Each line of the data below between the one containing "The American style" and the one containing "밀리의 서재는 따로 회원", both included, is to be repeated exactly. Please omit pictures.
'''
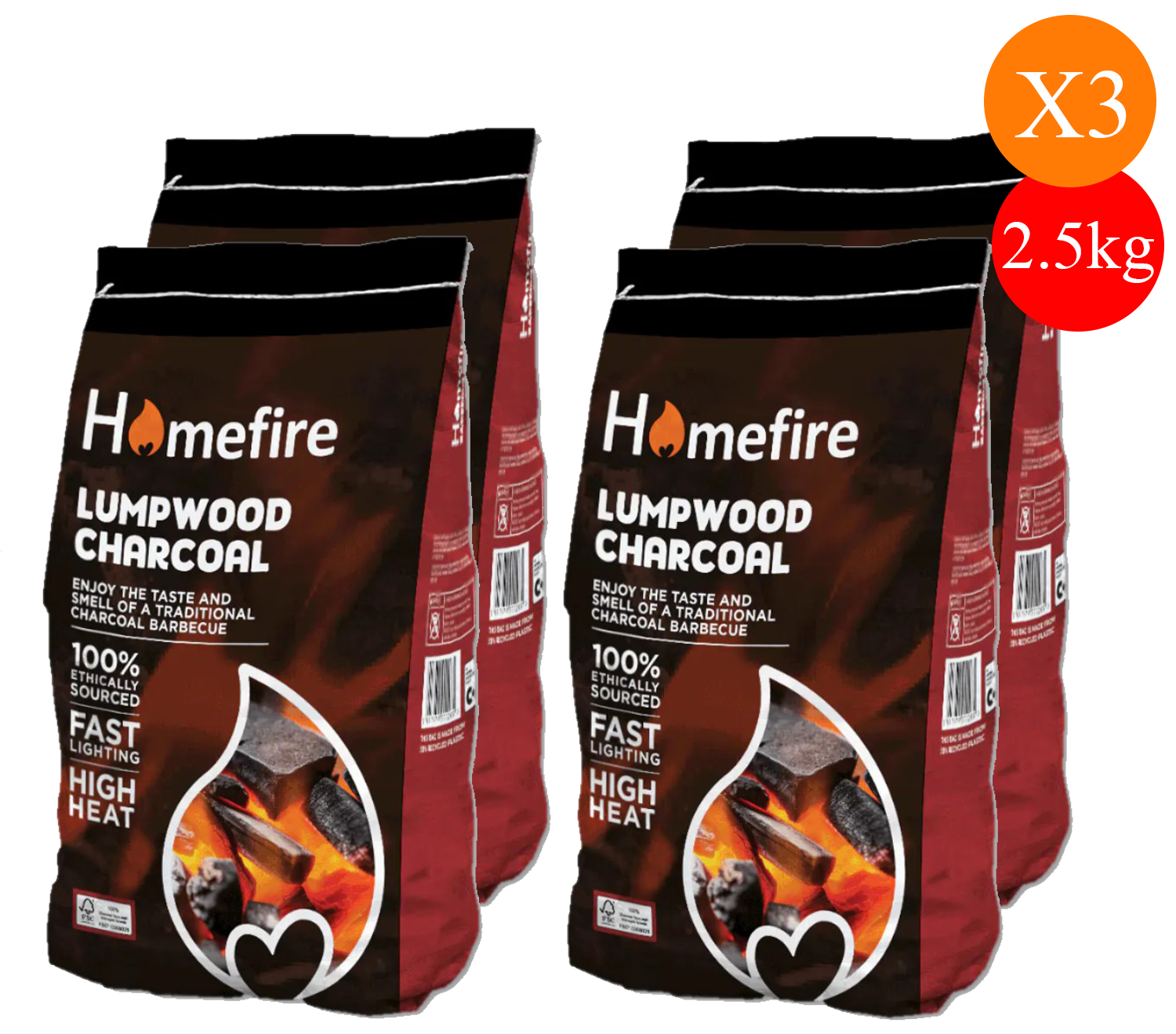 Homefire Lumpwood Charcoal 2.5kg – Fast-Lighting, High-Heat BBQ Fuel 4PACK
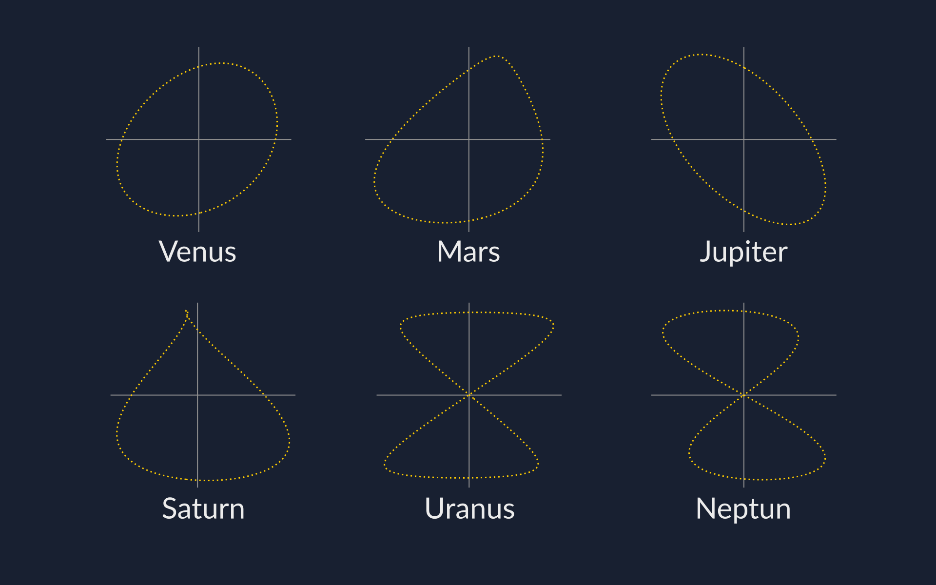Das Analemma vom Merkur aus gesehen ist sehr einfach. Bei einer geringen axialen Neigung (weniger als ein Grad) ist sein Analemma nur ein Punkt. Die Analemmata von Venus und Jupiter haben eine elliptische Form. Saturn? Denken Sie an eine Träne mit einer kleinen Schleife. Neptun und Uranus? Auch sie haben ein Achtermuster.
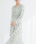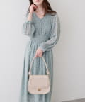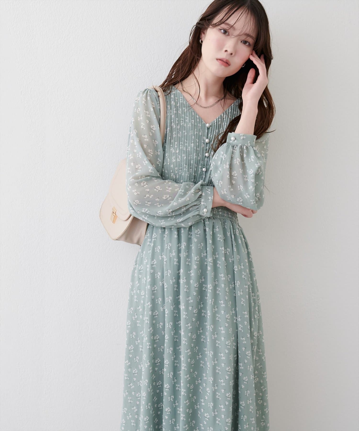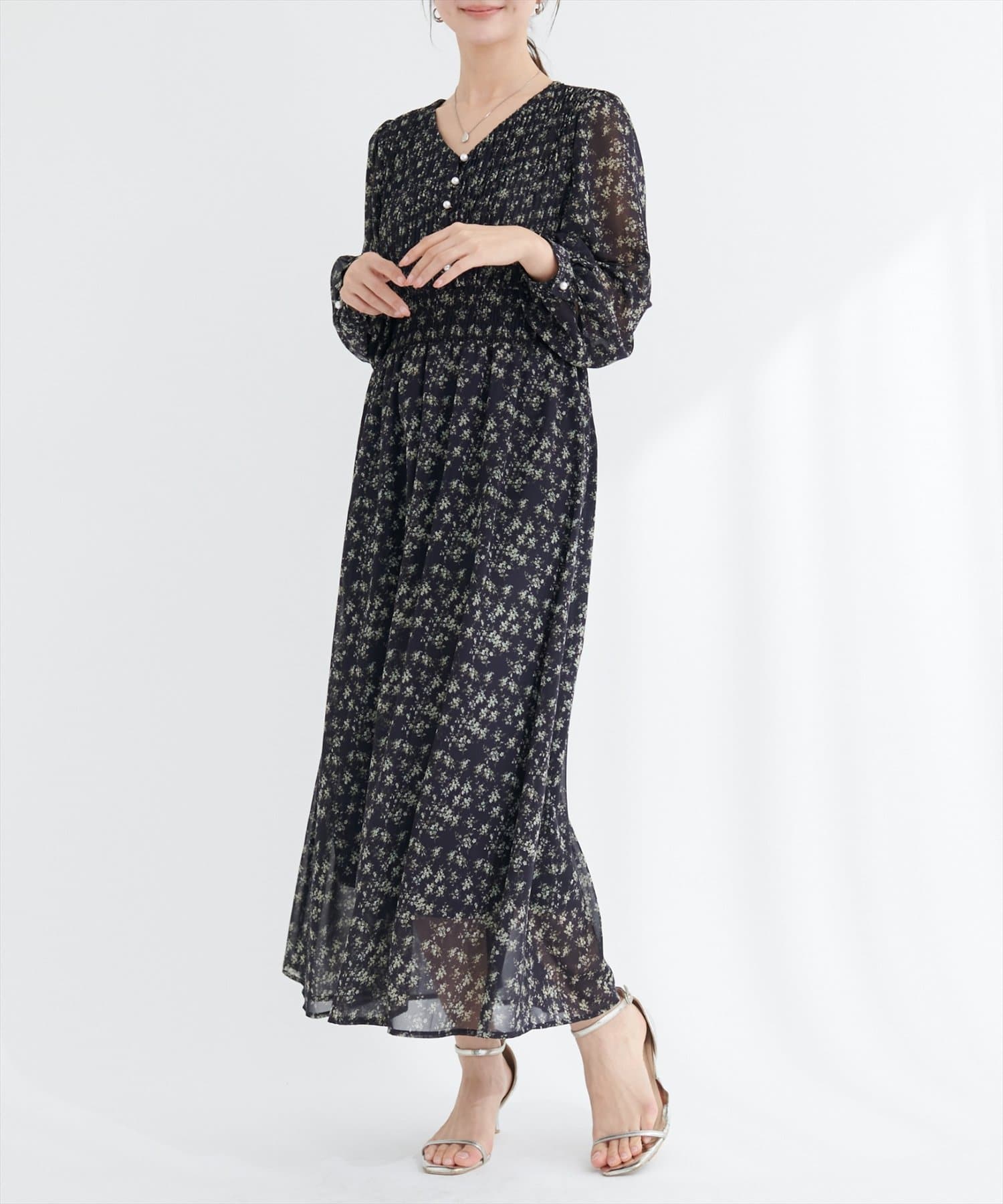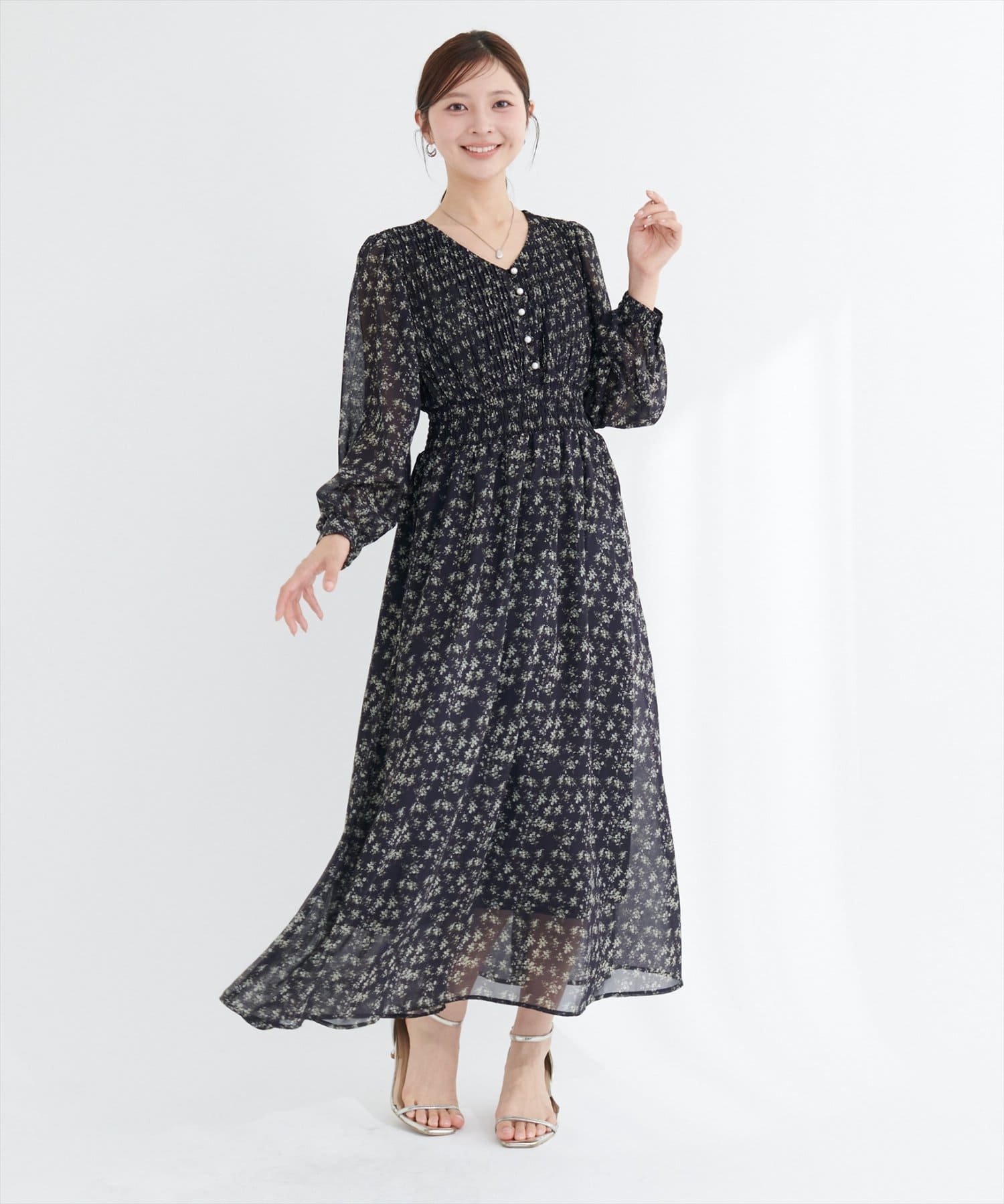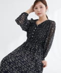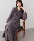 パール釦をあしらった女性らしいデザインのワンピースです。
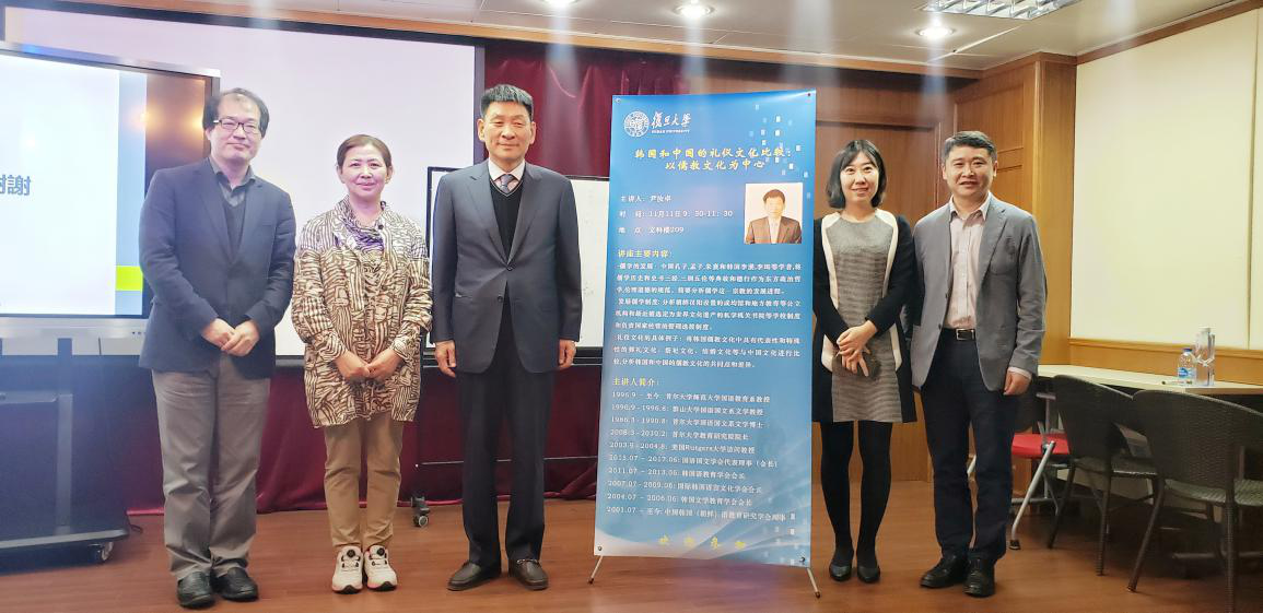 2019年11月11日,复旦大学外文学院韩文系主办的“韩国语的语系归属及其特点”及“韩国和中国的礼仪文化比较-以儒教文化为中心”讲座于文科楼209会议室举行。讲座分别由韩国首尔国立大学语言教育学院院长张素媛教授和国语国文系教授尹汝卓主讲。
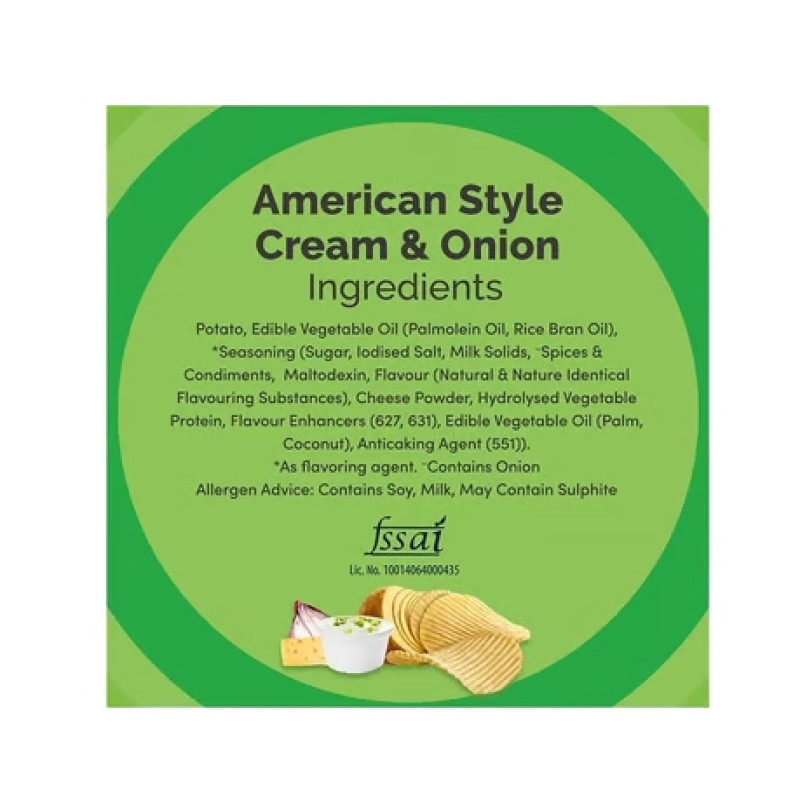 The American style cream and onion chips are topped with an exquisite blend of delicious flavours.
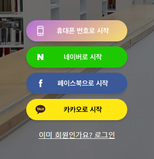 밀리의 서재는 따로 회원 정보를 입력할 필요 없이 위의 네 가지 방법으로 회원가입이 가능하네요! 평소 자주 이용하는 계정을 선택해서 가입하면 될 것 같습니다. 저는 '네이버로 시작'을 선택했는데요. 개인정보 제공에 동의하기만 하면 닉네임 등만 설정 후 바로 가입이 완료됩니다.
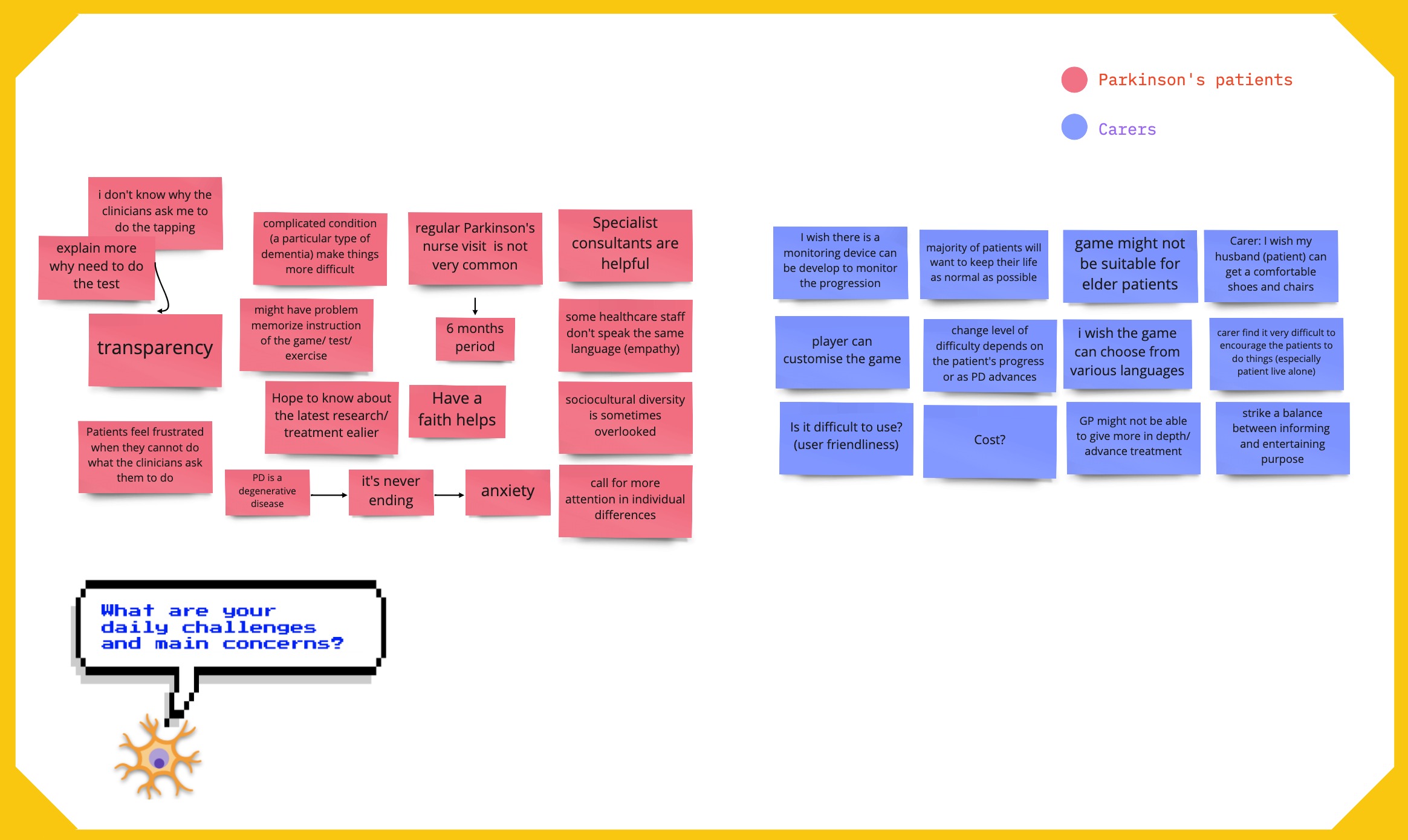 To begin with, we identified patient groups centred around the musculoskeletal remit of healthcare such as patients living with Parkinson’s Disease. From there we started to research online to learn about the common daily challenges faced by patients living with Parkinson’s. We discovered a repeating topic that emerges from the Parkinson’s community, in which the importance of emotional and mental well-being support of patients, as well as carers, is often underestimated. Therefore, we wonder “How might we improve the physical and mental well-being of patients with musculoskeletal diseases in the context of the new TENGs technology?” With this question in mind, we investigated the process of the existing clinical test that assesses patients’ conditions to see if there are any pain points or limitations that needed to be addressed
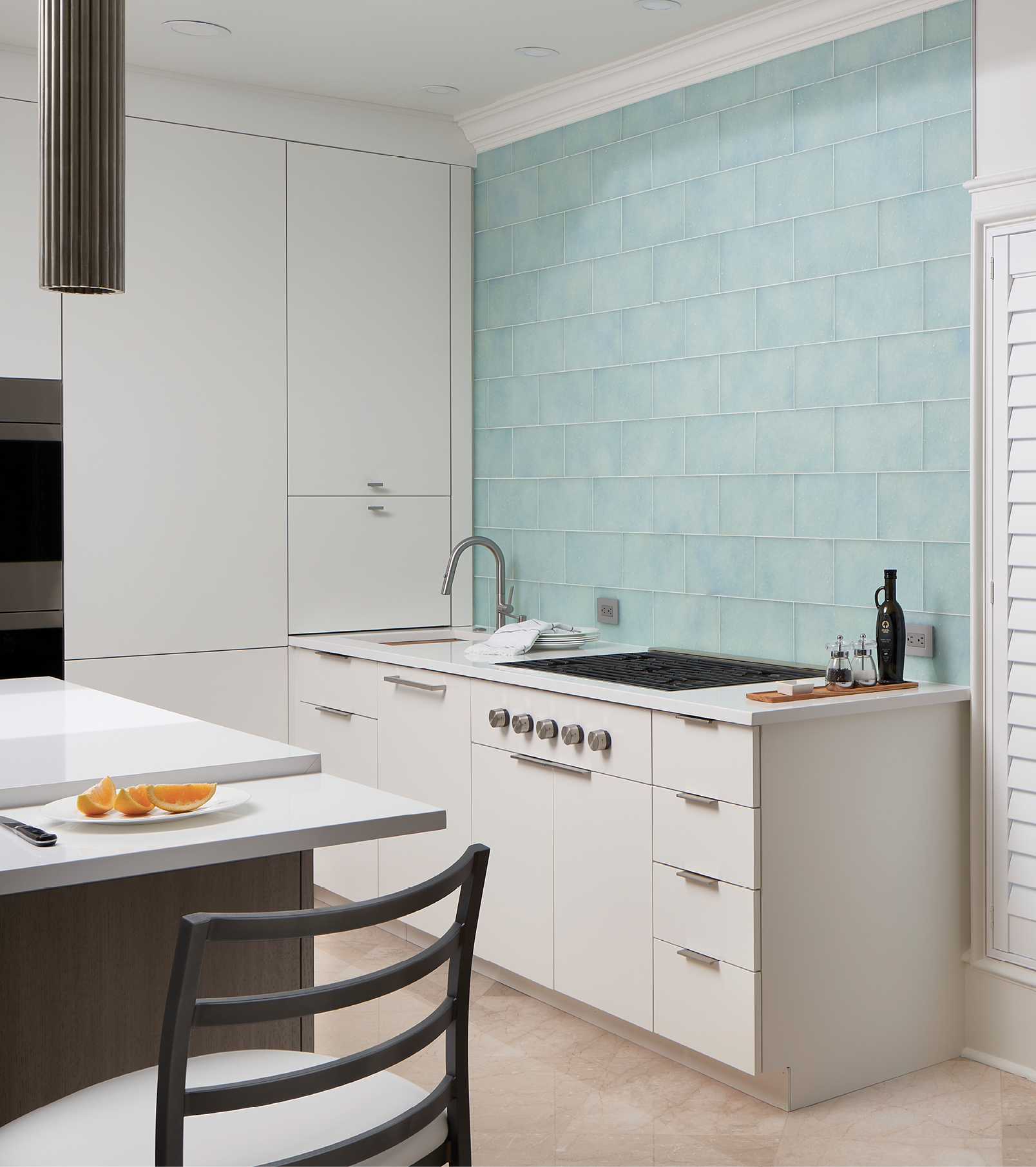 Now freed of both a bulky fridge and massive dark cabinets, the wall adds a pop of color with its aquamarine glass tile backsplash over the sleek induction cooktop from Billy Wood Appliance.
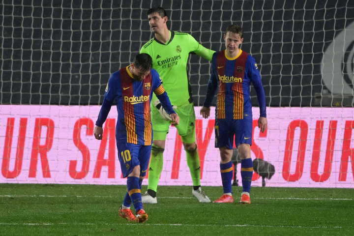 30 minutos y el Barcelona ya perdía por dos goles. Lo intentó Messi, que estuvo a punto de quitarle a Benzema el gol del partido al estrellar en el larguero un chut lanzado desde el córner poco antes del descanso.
'''
#### Response area
 The American style cream and onion chips are topped with an exquisite blend of delicious flavours.
 밀리의 서재는 따로 회원 정보를 입력할 필요 없이 위의 네 가지 방법으로 회원가입이 가능하네요! 평소 자주 이용하는 계정을 선택해서 가입하면 될 것 같습니다. 저는 '네이버로 시작'을 선택했는데요. 개인정보 제공에 동의하기만 하면 닉네임 등만 설정 후 바로 가입이 완료됩니다.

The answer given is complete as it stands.